Moore makes a good case--and without referencing the absurd lawsuit sponsored by Clinton's backers in Vegas, or this pathetic attempt to smear Obama with something he's already admitted: http://blogs.abcnews.com/politicalradar/2008/01/clinton-surroga.html Don't forget: Clinton told us on Meet the Press that she boots campaign staff who sling mud. Will she turn down support from the founder of BET? Or Mark Penn, who slipped into some sort of cocaine-referencing fugue state during a pre-Iowa interview a few weeks ago? Does this remind anyone of Bob Kerrey's repeated references to Obama's "Muslim upbringing" and middle name?

Isn't Moore saying white people should vote for Obama in order to give African-American boys a role model? Seems a bit condescending to me.

Grant,I am amazed that anyone could say Lorrie Moore makes a "good case." The basic argument is that we've passed the time when it's important to elect a woman--women have already "made it"--and since the Democratic candidates' policies are all the same, we whould elect a black man to inspire our children! So although it seems to be generally agreed that we shouldn't vote for a candidate just because he is black or she is a woman, Lorrie Moore is arguing that we should elect Obama because he is black.Everyone is entitled to his or her feelings, so I don't suppose we can criticize Moore for her disdain for the Clintons and Al Gore. But I don't think her contempt for Bill, Hillary, and Al is a political argument, and I don't see how an inspiring black man (which Obama certainly is) being elected president will in and of itself make a difference to young black people or young people in general. She does not address the issue of experience adequately, which I feel is important. And even if there's something to be said for her argument about Obama's value as someone who can inspire young people, he's only 46 years old. He can be vice president for the next 8 years, devoting his energies to the problems of America's young people, run for president in 2016 at the still-young age of 54, with all the experience anyone could ask for, and have two terms of his own.

Margaret: I do not see it as condescending. However, if the only reason white people should vote for Obama is to inspire young black boys, that would be wrong. Presumably, the argument is that with Obama, one gets good policy and inspiration.David: Would you be willing to put some meat on the bones of this experience critique? I hear it again and again, and am not sure what it means, really.

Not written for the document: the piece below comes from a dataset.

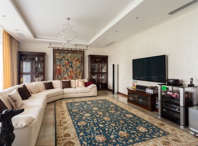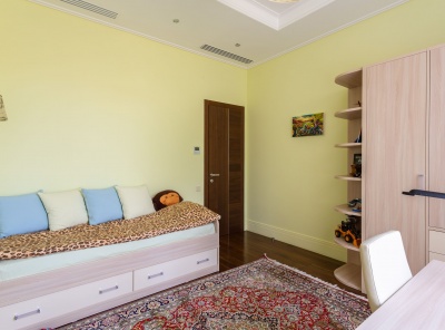Продажа загородного дома общей площадью 1128 кв.м. Новорижское шоссе, 19 км от МКАД. Коттеджный поселок Миллениум Парк. Коттедж построен в 3 уровня. Выполнена дизайнерская отделка под ключ без мебели. Приточно-вытяжная система вентиляции с кондиционированием Daikin. Просторные комнаты, высокие потолки и панорамное остекление. Грамотная планировка. Гостиная с камином и вторым светом. В отделке преимущественно светлые тона. Очень много мест хранения. Техника Gaggenau.

What kind of scenarios do you envision in which a President Obama would be unprepared, and for which he would somehow be better prepared if he remained a Senator for ten more years?On the race issue in general, I find that whites are not particularly good at discussing it. One significant reason for why this is so is that blacks have too often insisted that it is strictly their territory; white people, it is implied, should just sit back and listen. This has not produced the kind of conversation we need for dealing with what amounts to the single greatest social crisis in our country; namely, the dislocation of young black men.On Obama, Clinton, and King vs. LBJ, I really think Clinton stumbled on this one. There is a clear implication on Clinton's part that the really important figure of the civil rights movement was LBJ (only a president could sign the legislation!). I think it might be the kind of statement she would wish to take back if she had a chance, but now she is making it worse by insisting that Obama is making something out of nothing. This claim was not nothing, it was wrong, and even offensively so.

The issue for children of all colors is not necessarily a role model, but a two-way relationship with a father figure, preferably a real father. As for role models, they abound: find a book about a scientist, a reformer, a musician, or any number of good menwho lived lives worthy of emulation.What exactly does a president gives us as a role model? A few edited video clips at news time. That's going to take the place of absent fathers and inspire young people?Lorrie Moore falls into the trap of misplaced expectations. People allow "specialists" to care for their children. A father can be replaced by a president on tv. Sex education can be replaced with classroom discussions on abstinence or condoms.Moore has a strong interest in young black men, teens, or boys? Fine. Vote for the candidate who will enact or at least support public policy that keeps families together, provides job opportunities, and anything else that's needed. If that candidate isn't Hillary, then fine. But why ask someone to do a job it's not theirs to do. Some of what Moore aspires to will, of necessity, need to get done on the local level. Young black boys don't need to see President Obama on a five-second tv clip. They need their own fathers involved in their lives. And if that's not possible, they need local pro athletes, musicians, teachers, ministers, librarians, public servants, and everybody else involved and pulling for them to succeed.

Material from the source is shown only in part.